As the game progresses and the Lakers try to counter the Spurs, the sets become more nuanced and layered. Look at these two possessions:
What begins as a pick and roll turns into multiple screens as the double comes on Parker. In both examples, Bonner’s initial pick is basically a decoy. It draws Gasol and Sessions to the ball and Bonner floats out to the three-point line on the opposite side of the floor. In the first clip, he dribbles closer before handing the ball off to Stephen Jackson and screening his man to allow Jackson the elbow jumper. In the second, Splitter steps out to set yet another pick that Gasol has to go around to get to Bonner, whom Bynum can’t effectively cover. Bonner drains the three. My favorite part of that second one is that Splitter’s screen is actually a slip screen and he’s rolling wide open to the basket as Gasol and Bynum try to close out on Bonner. If Bonner had wanted to, he could have dished it right to Splitter for an easy dunk or layup.
To me, this is the full development of what started as a basic pick and roll at the beginning of the game. That verse melody is now being layered against the secondary melody and a new melody on top of that while the rest of the band provides support. The Spurs have forced the Lakers to adjust and then adjusted to those adjustments. Looking at the second clip, by the time the play has gotten to this point:
… the Lakers are pretty much done for. Look at all the space that Bonner and Jackson have now on the right side of the floor. By the time it gets to here:
… Devin Ebanks has closed out on Jackson in the corner, creating space for Splitter to roll to the basket while Bonner lifts up for a three he’s more than capable of hitting. The Lakers have been manipulated into playing the Spurs’ game.

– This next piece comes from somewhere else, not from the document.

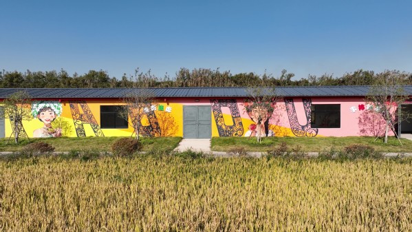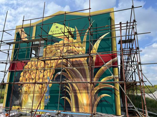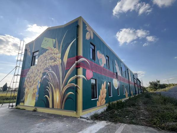 学院前期已经和石湖荡镇建立合作关系,创意系师生多次进入石湖荡镇小独圩岛开展调研,并开展农民培训项目,在打造浦江之首大米再生馆规划设计方案的前提下,学院深入挖掘创意系专业特色,为石湖荡镇小独圩岛提供更多乡村服务。本项目由数字经济与创意系风景园林设计专业负责人张婷老师担任技术负责人,系统梳理和提炼石湖荡镇的特色文化元素,如“浦江之首”地标、水稻文化等,并将其转化为富有创意与美感的墙体彩绘,打造可体验、可传播的乡村文化景观,为乡村振兴注入可持续的内生动力。项目从设计到落地历时三个月,风景园林设计专业工作室联合创意系视觉传达等专业师生,共同参与方案设计与施工,充分展现了跨专业协作与产教融合的成果。

And by the end of “Wet and Rusting,” the listener has been suckered into Menomena’s game. We’ve heard each of the pieces that have come before in isolation and we’ve heard them pressed against each other, but by the time they all come together into a multiphonic rush of voices and instruments, we’re hearing something greater than the sum of its parts, something greater than that first melody, greater than a simple pick and roll.